Выбрать главу

Как они там ни рвались, каким унижениям его ни подвергли, а Фейт Харлан и в сумерки остался предан старым богам. Сумерки на глазах превращались в ночь, а он с удвоенной, с утроенной энергией спешил исполнить заказ «богов» — создать «монументальную эпопею о том, как любой противник будет повержен, если родина и фронт слиты в едином порыве».

Первого сентября сорок четвертого года Геббельс закрыл все театры, и роль главного пропагандиста гитлеровских идей средствами «искусства» приняло на себя кино. Для своей эпопеи Харлан избрал эпизод из начала прошлого века, когда осажденный Кольберг успешно сопротивлялся французам до заключения Тильзитского мира. Смысл фильма был очевиден, его ясно выразил один из героев: «Наши дома можно сжечь, но земля остается».

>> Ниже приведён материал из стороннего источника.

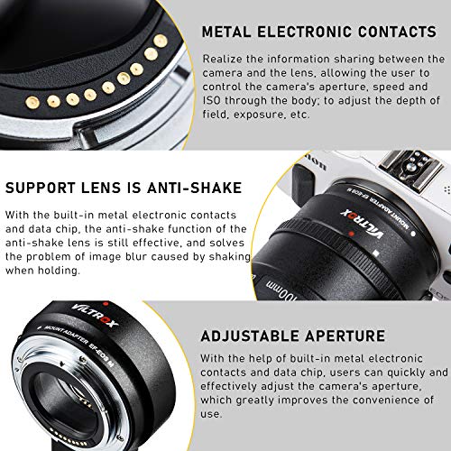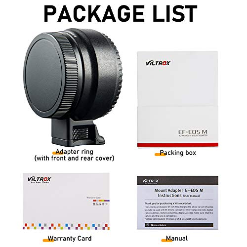 Compatibilità professionale: l'adattatore Viltrox EF-EOS M consente di utilizzare obiettivi Canon EF ed EF-S su fotocamere digitali mirrorless Canon EOS-M M2 M3 M5 M6 M10 M50 M100. Contattaci se non sei sicuro che questo anello adattatore per obiettivo sia adatto alla tua fotocamera.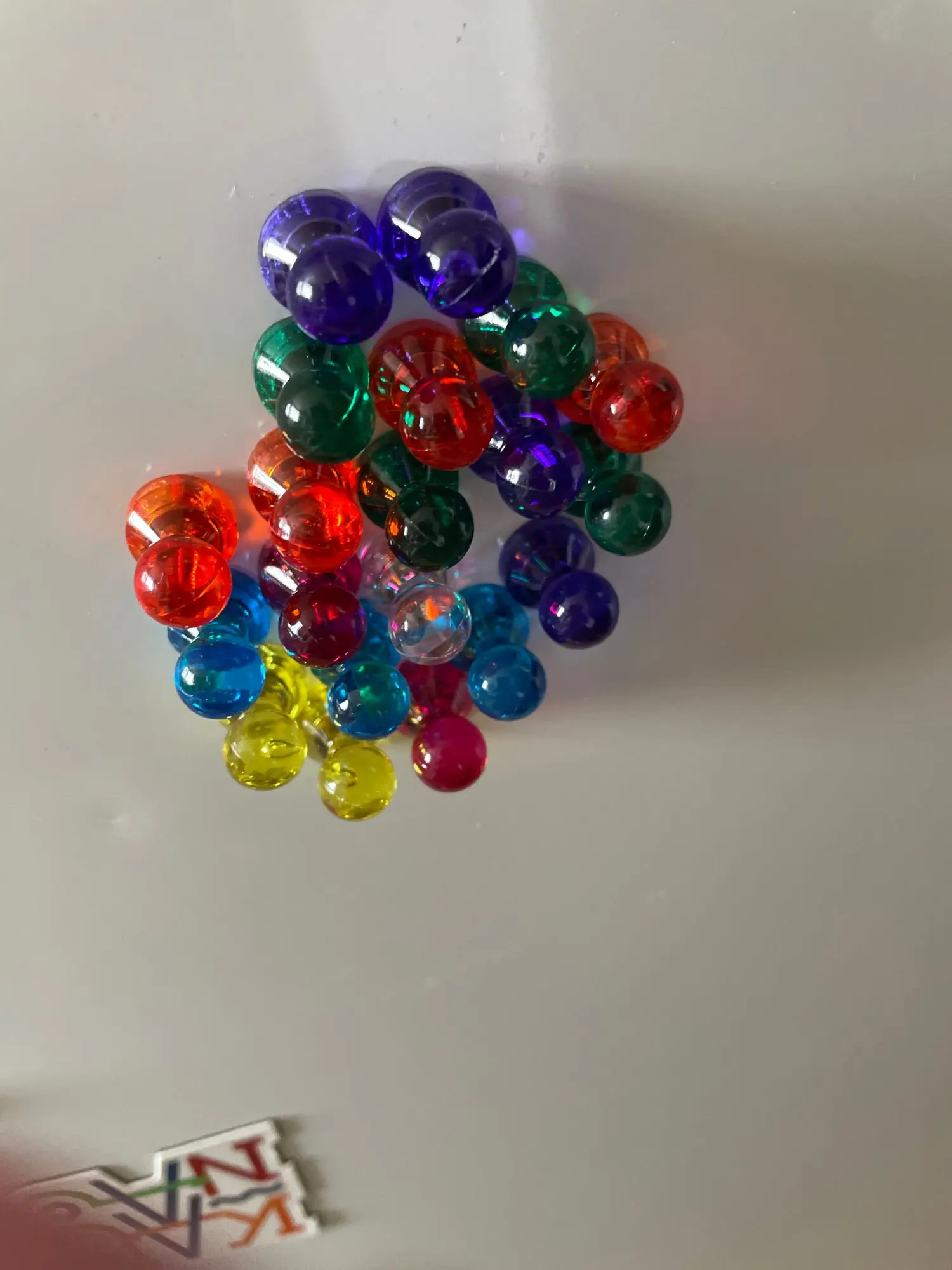 20 симпатичных фишек с неодимовым магнитом. замечаний нет. по 3 разных цветов, кроме одного.

Кругом уже рушились дома и горела земля, когда неистовый Харлан со своими сподвижниками — фрау Кристиной, Генрихом Георге и другими — лихорадочно крутил грандиозный даже по нынешним масштабам боевик, которому предстояло вдохнуть силы в обреченных защитников агонизирующего фашизма. Тысячи солдат и матросов, которые могли бы, пожалуй, пригодиться на полях сражений, «воевали» в массовках под командой не маршала, а режиссера, имевшего войск куда больше, чем в свое время защитники Кольберга. Тридцатого января сорок пятого года специальная эскадрилья истребителей пробилась в окруженный союзниками французский порт Ла-Рошель, где оккупанты безрассудно сражались «до последнего», чтобы хоть на день отсрочить гибель рухнувшего режима. Им прислали не снаряды, не винтовки, не пополнение, а фильм Фейта Харлана «Кольберг». Автор сам героически прибыл в порт, чтобы лично представить свой шедевр воинам фюрера и вселить в измотанных зрителей боевой дух. Зрители неистово рукоплескали и прямо из зала кино шли в окопы, чтобы встретить там свою смерть…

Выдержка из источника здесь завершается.